Verify by multiplying \(A\) with \(X\) to confirm we get identity matrix \(B\).\[ AX = \begin{bmatrix} 2 & 2 \ 3 & 1 \end{bmatrix} \begin{bmatrix} -\frac{1}{4} & \frac{1}{2} \ \frac{3}{4} & -\frac{1}{2} \end{bmatrix} = \begin{bmatrix} 1 & 0 \ 0 & 1 \end{bmatrix} \] This confirms the solution is correct.

Key concepts

Matrix Inverse

Solving matrix equations often involves finding the inverse of a matrix. To solve an equation like \(AX = B\), we need to isolate \(X\), and that requires the inverse of matrix \(A\). However, not all matrices have an inverse. For a matrix to have an inverse, it must be square (same number of rows and columns) and have a non-zero determinant. More on determinants later!

For a 2x2 matrix \(A = \begin{bmatrix} a & b \ c & d \end{bmatrix}\), the formula for the inverse is:

• \(A^{-1} = \frac{1}{ad-bc} \begin{bmatrix} d & -b \ -c & a \end{bmatrix}\)

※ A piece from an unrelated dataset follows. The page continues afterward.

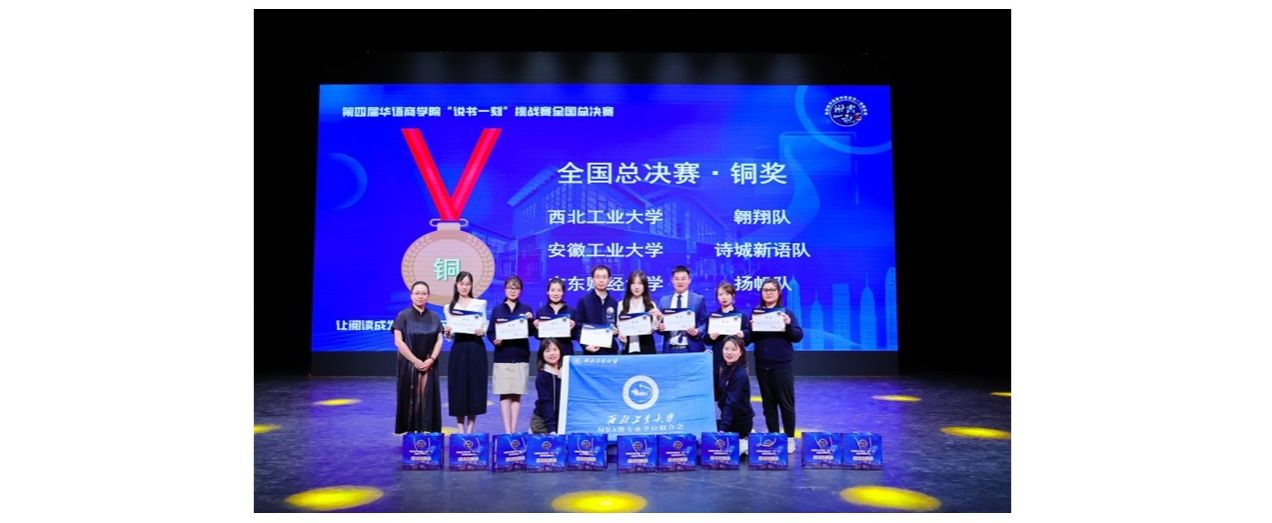 西工大翱翔队在amjs澳金沙门的指导下,在MBA暨专业学位联合会西瓜悦读俱乐部的组织下,参加了第四届华语商学院“说书一刻”挑战赛全国总决赛,并以第四名的优异成绩,在全国12个高校代表队中脱颖而出,获得“铜奖”。

Here, the inverse is derived by swapping the diagonal elements (\(a\) with \(d\)), changing the signs of the off-diagonal elements (\(b\) and \(c\)), and dividing by the determinant \(ad-bc\). It's crucial to remember that the determinant must not be zero, as dividing by zero is undefined. In the given problem, the determinant was -4, which allowed us to compute the inverse.

Determinant of a Matrix

The determinant of a matrix is a special number that can be calculated from its elements. For a 2x2 matrix \(A = \begin{bmatrix} a & b \ c & d \end{bmatrix}\), the determinant is found using

• \(det(A) = ad - bc\)

The determinant provides essential information about the matrix. Specifically, it tells us if a matrix is invertible. If the determinant is zero, the matrix doesn't have an inverse. In our problem, we calculated the determinant of \(A = \begin{bmatrix} 2 & 2 \ 3 & 1 \end{bmatrix}\) as \(-4\). Since \(-4\) is not zero, \(A\) has an inverse.

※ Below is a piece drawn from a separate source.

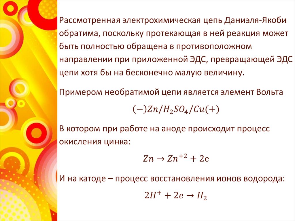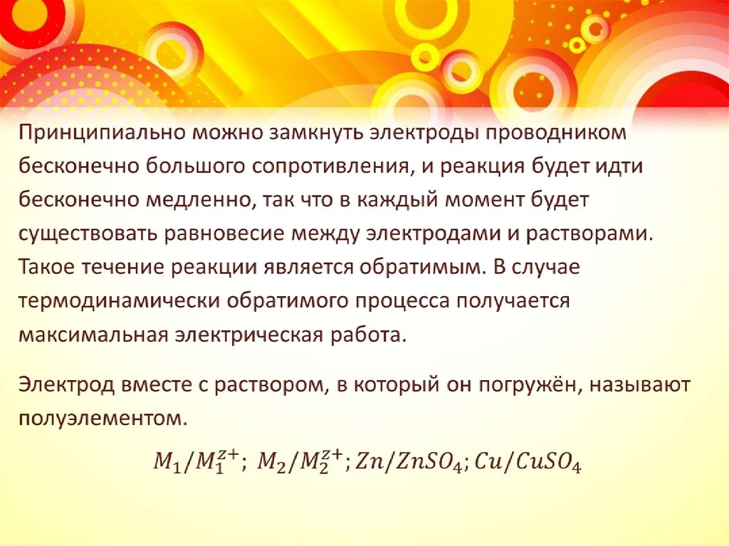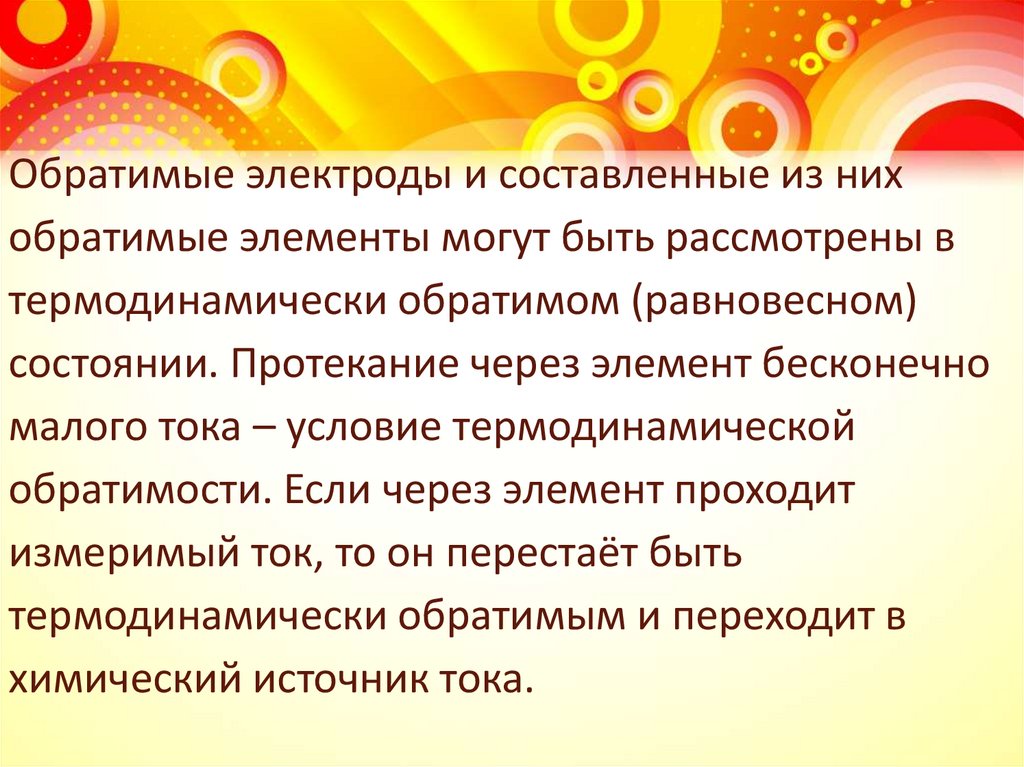 Обратимые электроды и составленные из нихобратимые элементы могут быть рассмотрены в

Understanding the role of the determinant can also help you delve deeper into the matrix's properties, like its scaling factor. In geometry, it can indicate the area or volume distortion caused by the transformation represented by the matrix.

Identity Matrix

An identity matrix is a special type of square matrix. It acts like 1 does in multiplication for real numbers. The identity matrix is denoted as \(I\) and has 1s on the diagonal and 0s elsewhere. For a 2x2 identity matrix, it looks like this:

• \(I_2 = \begin{bmatrix} 1 & 0 \ 0 & 1 \end{bmatrix}\)

The identity matrix has unique properties:

• Multiplying any matrix \(A\) by the identity matrix of compatible size (\(I\)) results in matrix \(A\). That means \(AI = A\) and \(IA = A\).
• It is a neutral element for matrix multiplication.

In our exercise, we set \(B\) as the identity matrix \(I_2\). When calculating \(X = A^{-1}B\), having \(B = I_2\) simplifies the multiplication because multiplying by the identity matrix does not change \(A^{-1}\). Hence, \(X = A^{-1}\). This functionality makes the identity matrix very useful in solving matrix equations.